> _Aim of the exercise_
Your output should match the listing below word for word, without any images.

BEGIN Recorded information

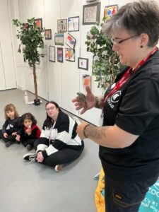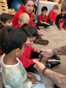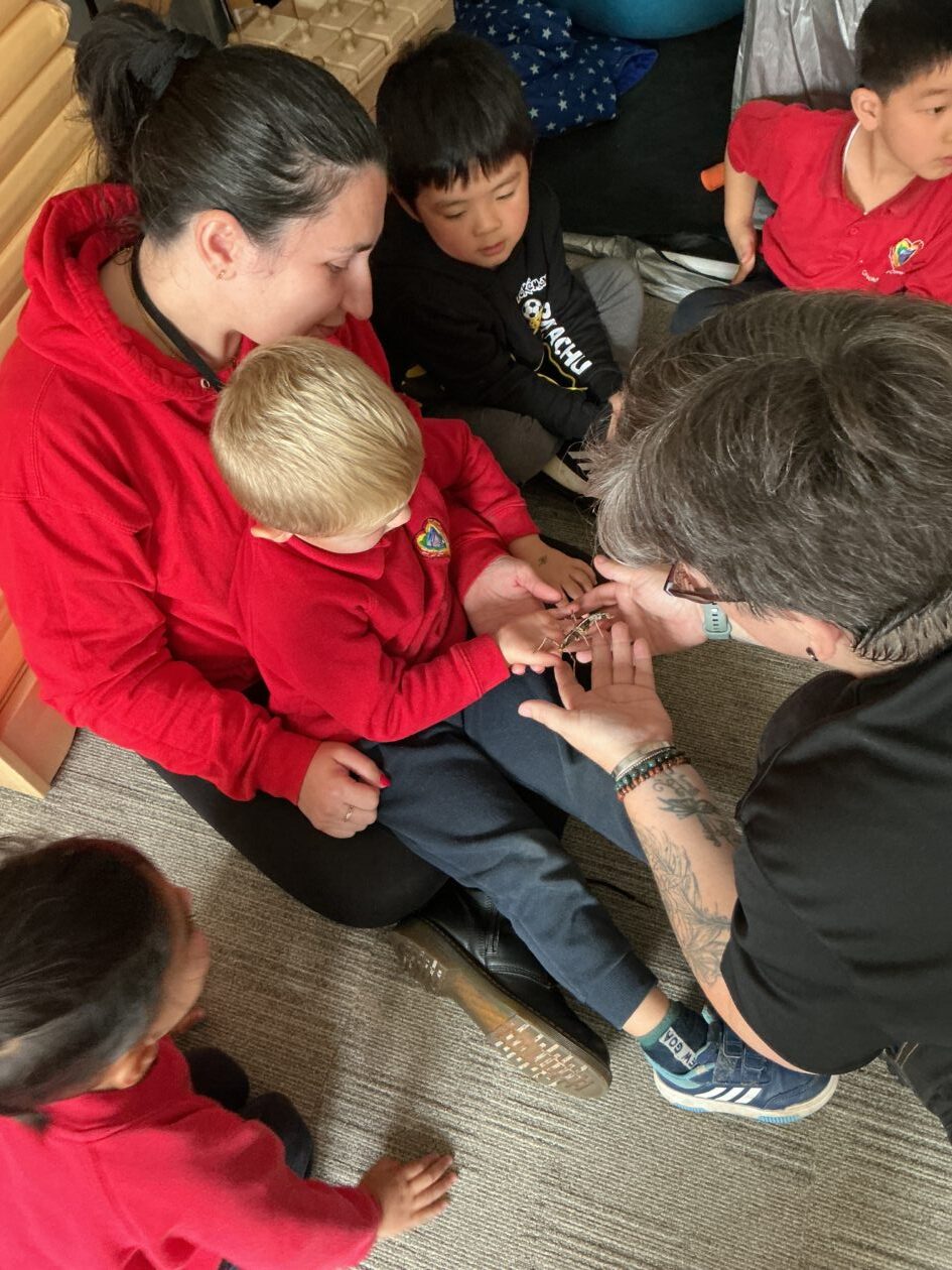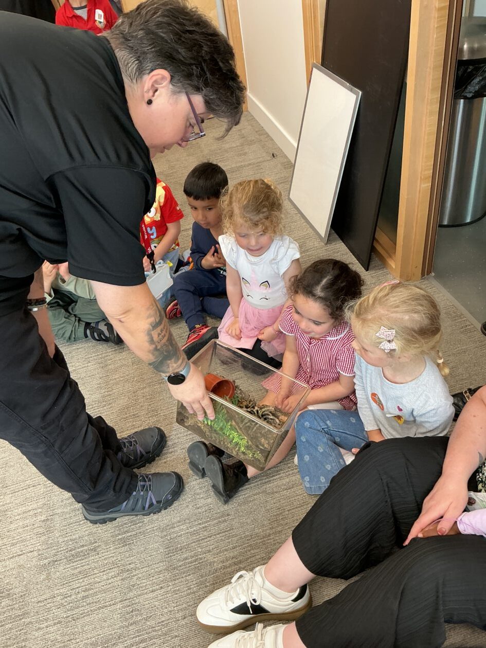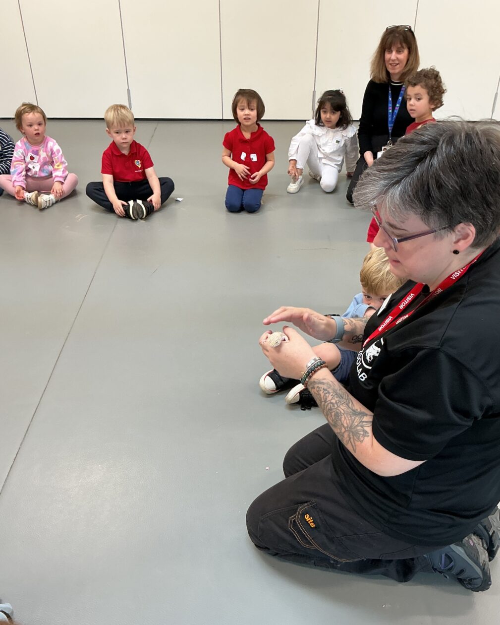 We also met Luna a 6 year old tarantula. She came all the way from the Island of Honduras. She can live for around 25 years! Whereas male tarantulas might only live until they are 5. We learned that the hair on her legs are actually her ears! She had eaten her dinner last night so was feeling pretty lazy! She had eaten one cricket.
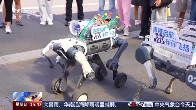 智能迎新小队工作人员何霖:它们一个是腿足式的,一个是轮足式的。轮足式的移动速度要更快,腿足式的承载能力更高,能够负载40公斤,帮新生们、家长们减轻运送行李的压力。
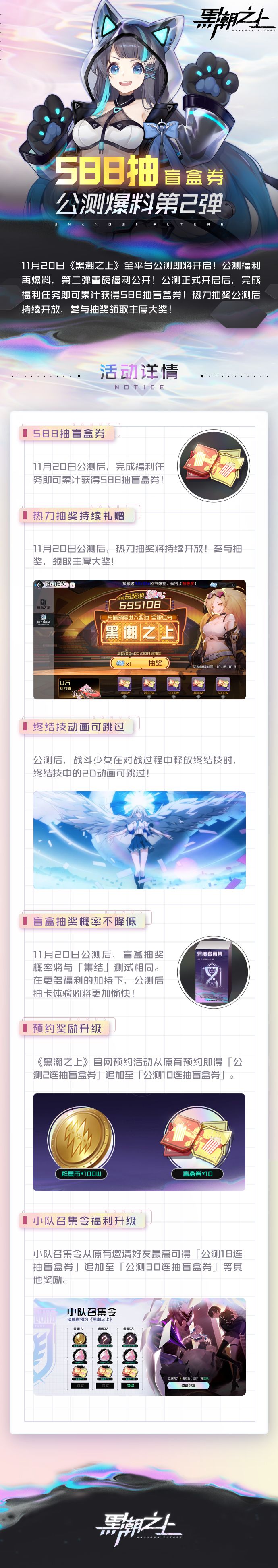 《黑潮之上》全平台(PC、Android、iOS)公测定档11月20日!更多福利及情报将在近期放出,敬请期待。这一次,你我将正式携手战斗女团,“无限体力,逆转世界!”定档视频现已登陆:公测定档这么重要的事,怎么能少了本喵的福利放送环节呢——//活动时间:10月30日——11月8日23:59//活动内容:将《黑潮之上》公测定档信息分享至社交平台(微博、朋友圈、空间等),并带上内容“《

END Recorded information

> _Solved exercise_
 We also met Luna a 6 year old tarantula. She came all the way from the Island of Honduras. She can live for around 25 years! Whereas male tarantulas might only live until they are 5. We learned that the hair on her legs are actually her ears! She had eaten her dinner last night so was feeling pretty lazy! She had eaten one cricket.
 智能迎新小队工作人员何霖:它们一个是腿足式的,一个是轮足式的。轮足式的移动速度要更快,腿足式的承载能力更高,能够负载40公斤,帮新生们、家长们减轻运送行李的压力。
 《黑潮之上》全平台(PC、Android、iOS)公测定档11月20日!更多福利及情报将在近期放出,敬请期待。这一次,你我将正式携手战斗女团,“无限体力,逆转世界!”定档视频现已登陆:公测定档这么重要的事,怎么能少了本喵的福利放送环节呢——//活动时间:10月30日——11月8日23:59//活动内容:将《黑潮之上》公测定档信息分享至社交平台(微博、朋友圈、空间等),并带上内容“《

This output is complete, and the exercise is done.